The silliness of this dream is not important. The important thing is that the world is adopting it. Why? Simply because the hopeless worker finds it easier to slip into this dream state than to ascertain the cause of constantly increasing poverty in the midst of plenty, and to make an effort to remove this cause.

When the enemy is at the city gates we turn over all personal rights to a captain, whom we follow blindly even unto death. We are afraid. And so with that more hideous enemy, poverty. We fear it so that we readily relinquish the cherished ideas of individual liberty for which thousands of lives have been sacrificed throughout the centuries and look to government to save us from the monster. An empty stomach obstructs reason. And so we have doles, and so-called social insurance plans, and public works projects, and regimentation, and more government and more government. And the individual becomes a slave to society. Since society consists of an aggregation of individuals, the slave mentality of the units becomes the mentality of the aggregate. Thus endeth rational civilization.

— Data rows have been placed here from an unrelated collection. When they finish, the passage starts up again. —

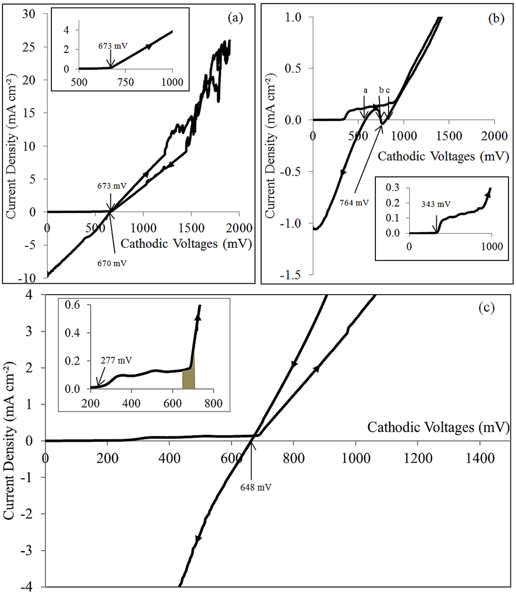 Cyclic voltammetry provides information on electric current flow in the electrolyte and results are obtained by measuring the current passing through the working electrode during the potential scans. Figure 1 shows a typical cyclic voltammogram of aqueous solutions of (a) 1.0 M CdCl2; (b) 1 mM TeO2; and (c) mixture of 1.0 M CdCl2 and 1 mL of prepared 1 mM TeO2 during the forward and reverse cycles between 0 and 2000 mV. The scanning rate was fixed at 3 mV·s−1 and the solution temperature was kept at 65 ± 2 °C.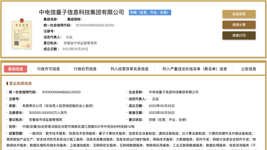 从国家企业信用信息公示系统知悉,中电信量子信息科技集团有限公司成立,注册资本30亿元人民币,该公司由中国电信股份有限公司100%控股。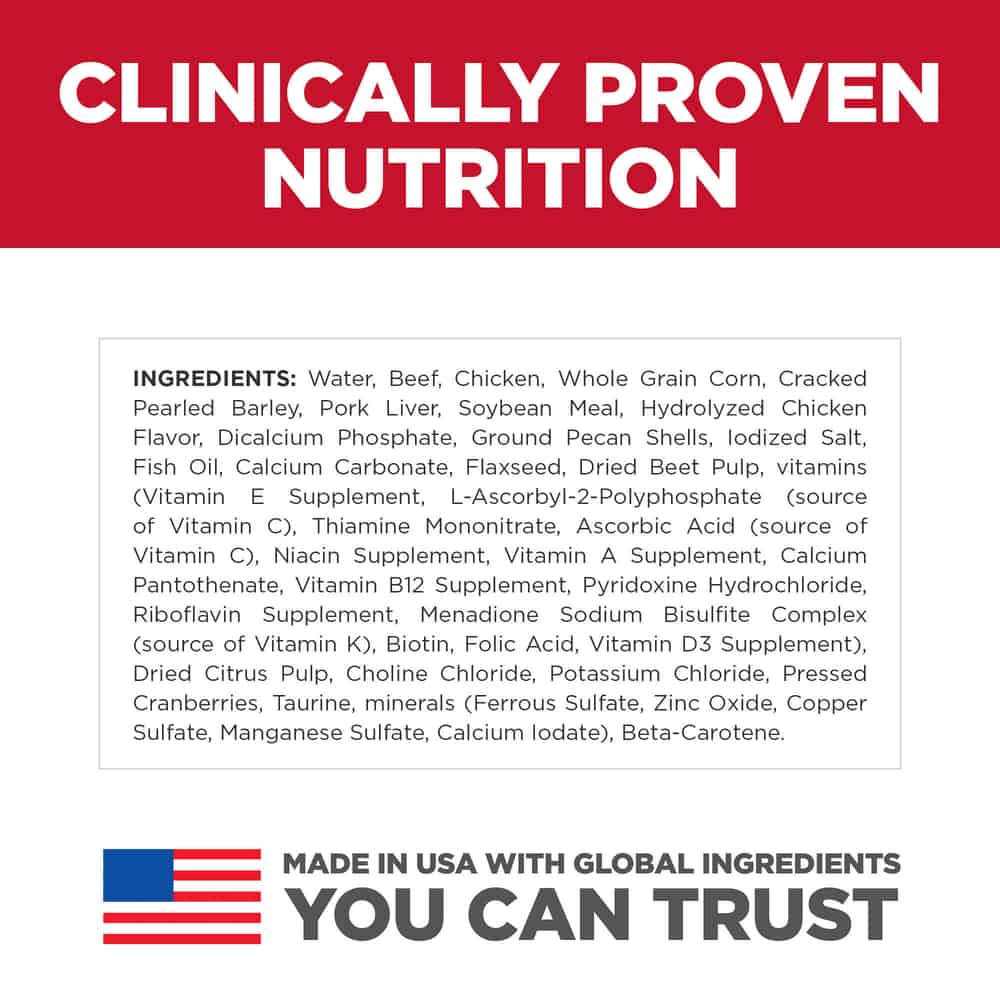 | Water, Beef, Pork Liver, Brown Rice, Carrots, Modified Rice Starch, Wheat Flour, Dried Beet Pulp, Potato Starch, Dextrose, Chicken Fat, Egg Whites, Potatoes, Green Peas, Spinach, Hydrolyzed Chicken Flavor, Calcium Carbonate, Pork Plasma, Dicalcium Phosphate, Potassium Chloride, Flaxseed, Soybean Oil, Caramel color, Guar Gum, minerals (Ferrous Sulfate, Zinc Oxide, Copper Proteinate, Manganese Sulfate, Potassium Iodide), Sodium Pyrophosphate, Disodium Phosphate, Sodium Hexametaphosphate, Choline Chloride, vitamins (Vitamin E Supplement, L-Ascorbyl-2-Polyphosphate (source of Vitamin C), Thiamine Mononitrate, Niacin Supplement, Calcium Pantothenate, Vitamin B12 Supplement, Pyridoxine Hydrochloride, Biotin, Vitamin D3 Supplement, Riboflavin Supplement, Folic Acid), L-Lysine, Magnesium Oxide, Taurine. |
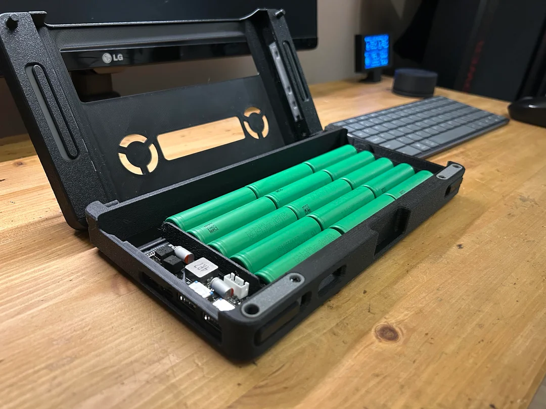 Modder przygotował dwie wersje swojego projektu. Bardziej masywna wersja wyposażona jest w dodatkowy pakiet baterii o pojemności 190 Wh, składający się z 15 ogniw litowych 18650 z pełnym systemem zarządzania ładowaniem. Taka pojemność może wydłużyć czas pracy urządzenia o godziny, a przy lżejszym użyciu nawet o kilka dni. Co ciekawe, waga dodatkowej baterii pełni też funkcję stabilizatora całej konstrukcji, eliminując potrzebę używania dodatkowej podstawki. W podstawie znalazło się również miejsce na bezprzewodową klawiaturę marki Lenovo.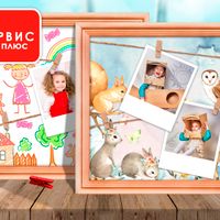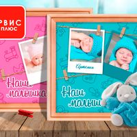Рамка детская/малыши [40*40] дерево, шпагат, 18 прищепок, 1 фон (выбор фона из ассортимента)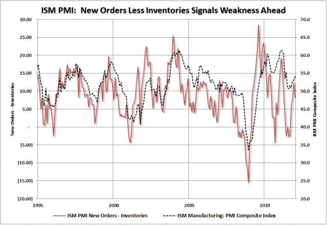 En sista notering är den viktiga ISM New orders / Inventories. Den har vänt ner, och den brukar förr eller senare leda stora indexet!
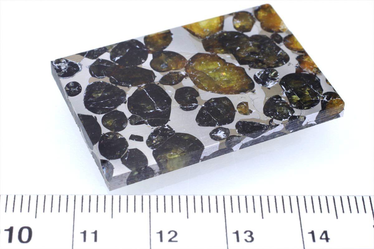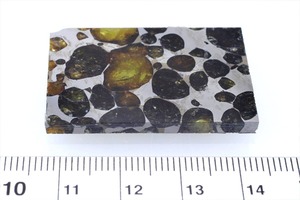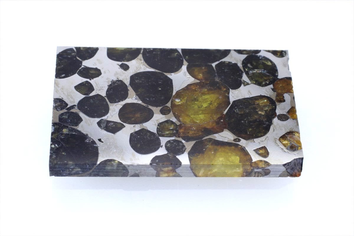 丸みのある粗粒状のカンラン石とその間を埋める鉄-ニッケル合金から出来ておりパラサイトという名前はシベリアの山中にあるクラスノヤルスク付近で発見された隕石を研究したドイツの博物学者ペーター・ジーモン・パラス氏にちなんで1772年に名付けられました。パラサイトの鉄-ニッケル部分はオクタへドライトなのでエッチングによりウィドマンシュテッテン構造が現れトロイライトやシュライバーサイトが含まれていることが多くあります。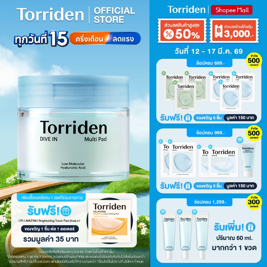 Torriden Dive-In Low Molecular Hyaluronic Acid Multi Pad (80 แผ่น) ทอร์ริเดน โทนเนอร์แพด ไฮยาลูโรนิก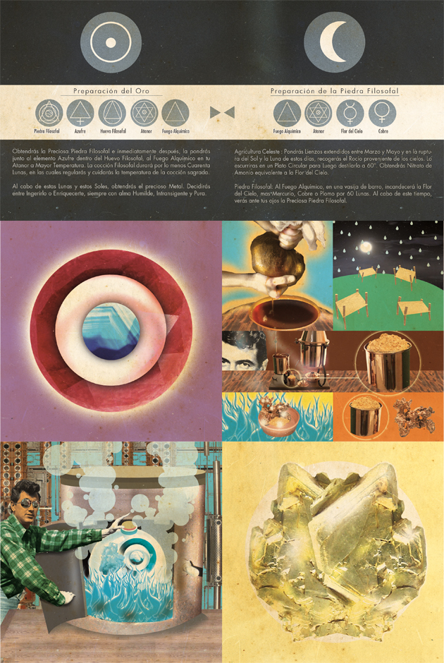 This is an academic project i just made: I represented an instructional manual to learn how to make gold, based only on the several old processes of The Alchemy, and the Philosopher's stone. Was a very long work, because it's not easy to understand ancient documents. Alchemist used very difficult codes with key words and metaphorical language, including symbols as well, in order to make this kind of processes unkown and mysterious. Well, after all the reading stuff, i had to decide wich style i was gonna use. Then, i based the design line and Illustrations on 50's to 70's Ads, and Voilà!
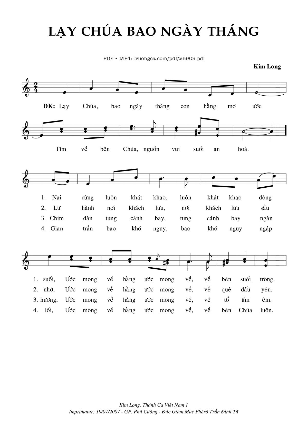 Kim Long Lạy Chúa bao ngày tháng con hằng mơ ước [PDF] [Sheet] [Lời H.A] [Mp4/Midi]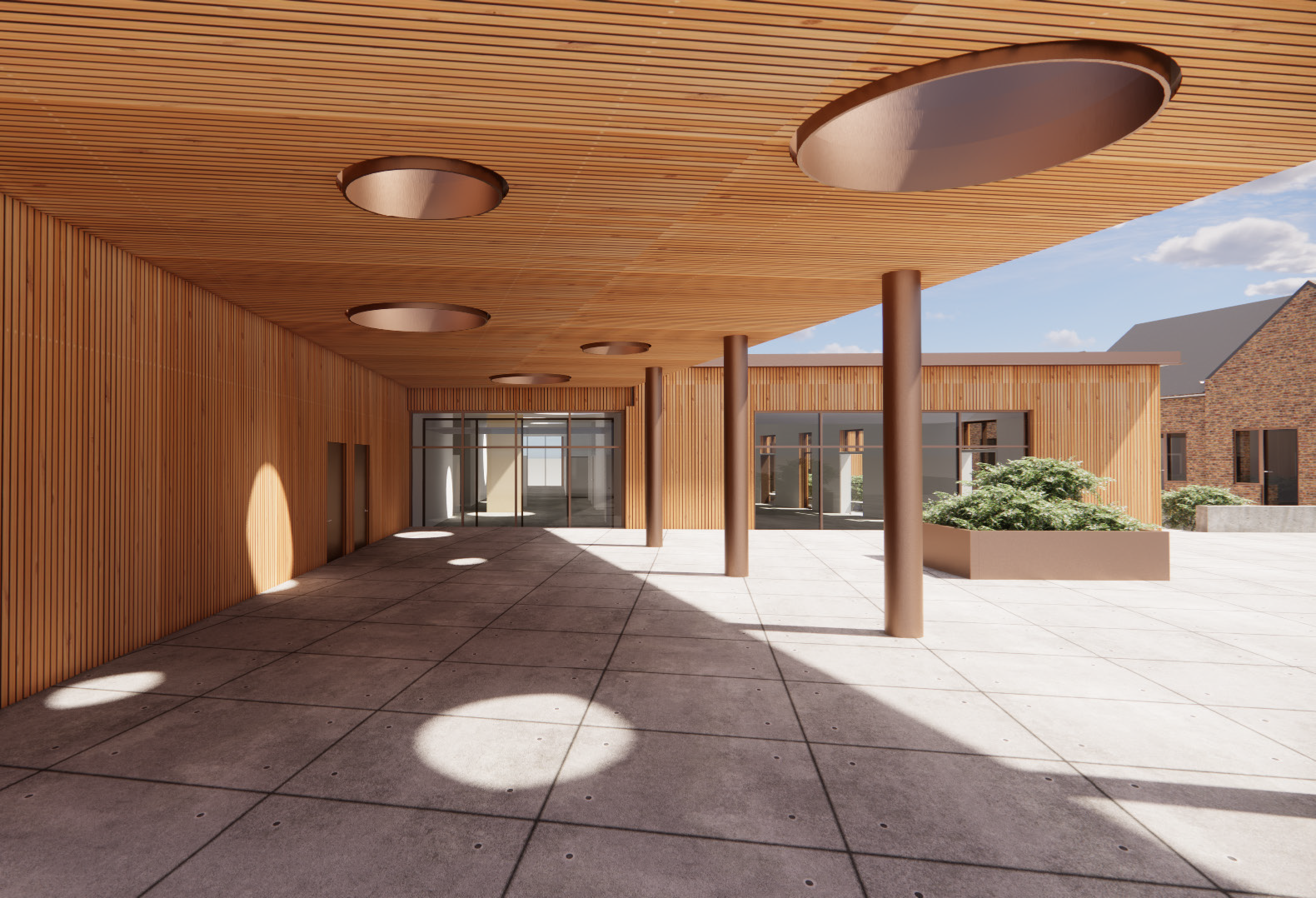 Gangforløbene mellem afdelingerne og servicebygningen udføres som en søjlekolonnade, der giver mulighed for at lukke eller åbne op mellem søjlerne med glas eller et lukket element som beklædes med en varmebehandlet fyr. Glaspartierne lukker dagslyset ind fra begge sider og lyser gangene op i dagstimerne. Samtidig skabes der nærhed til den omkringliggende natur.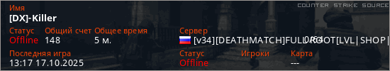 Играет на Counter Strike Source сервере. Страна: РоссияПервый раз замечен 13:13 17.10.2025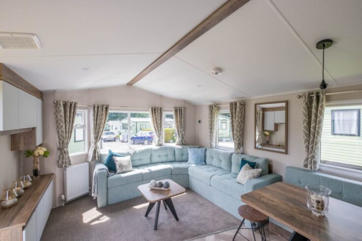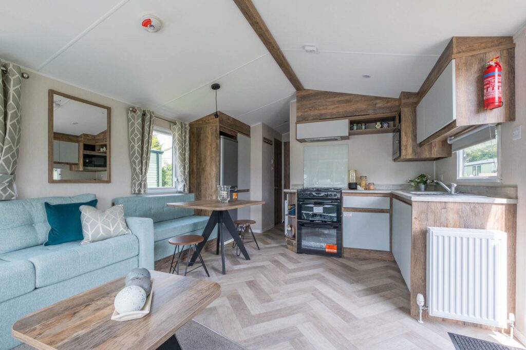 Discover the Willerby Brookwood, where rustic charm meets contemporary design. This exquisite holiday home features an open floor plan, creating a spacious and inviting atmosphere. Large windows flood the interior with natural light, showcasing the beautiful blend of natural materials like wood and stone. Enjoy modern amenities and sustainable practices integrated seamlessly throughout. The exterior boasts clean lines and simple forms. Inside, textured materials add warmth, while modern lighting and minimalist conveniences ensure functionality. Relax in comfortable bedrooms with features like walk-in wardrobes, and prepare culinary delights in the high-end kitchen. This holiday home offers a perfect blend of comfort and style.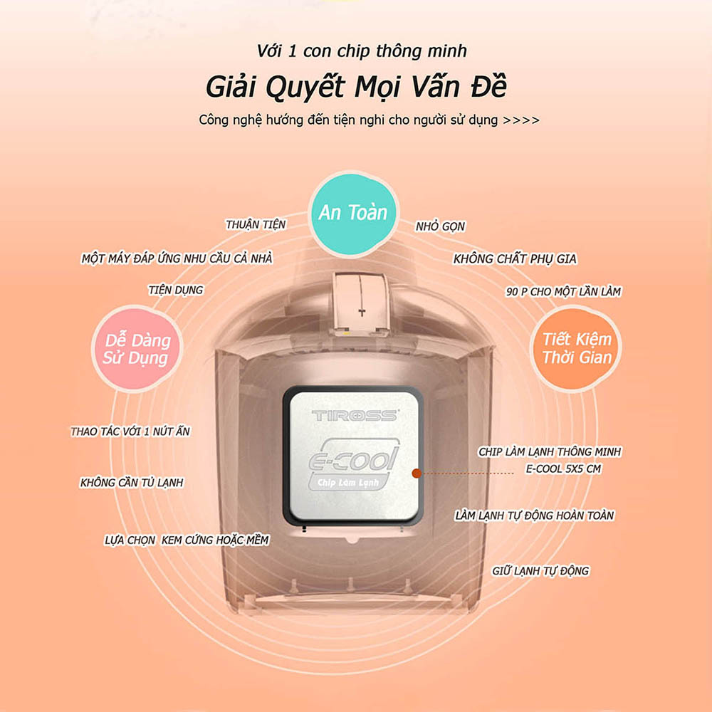 Ứng dụng công nghệ Ba Lan Máy làm kem tự động Tiross TS9090 có kiểu dáng nhỏ gọn, màu sắc đẹp mắt và sở hữu tính năng hiện đại, giúp bạn tự làm món kem thơm ngon,

In our country the dream state of socialism has not yet vitiated our national mind. Some of us are still able to think and act sanely, because the control of wealth has not yet been entirely concentrated in a few hands, and we are still able to make a decent living. We are rational not because of the vaunted heritage of individual liberty we are told about by Fourth-of-July orators, but because the conditions of economic liberty are not entirely wiped out. But, unless we learn how and why wealth passes from the many to the few, and unless we stop this unnatural flow by permitting the natural law of the distribution of wealth to operate freely, the American mind will, under pressure of increasing economic slavery, find refuge in the dream state of socialism, just as the European mind already has.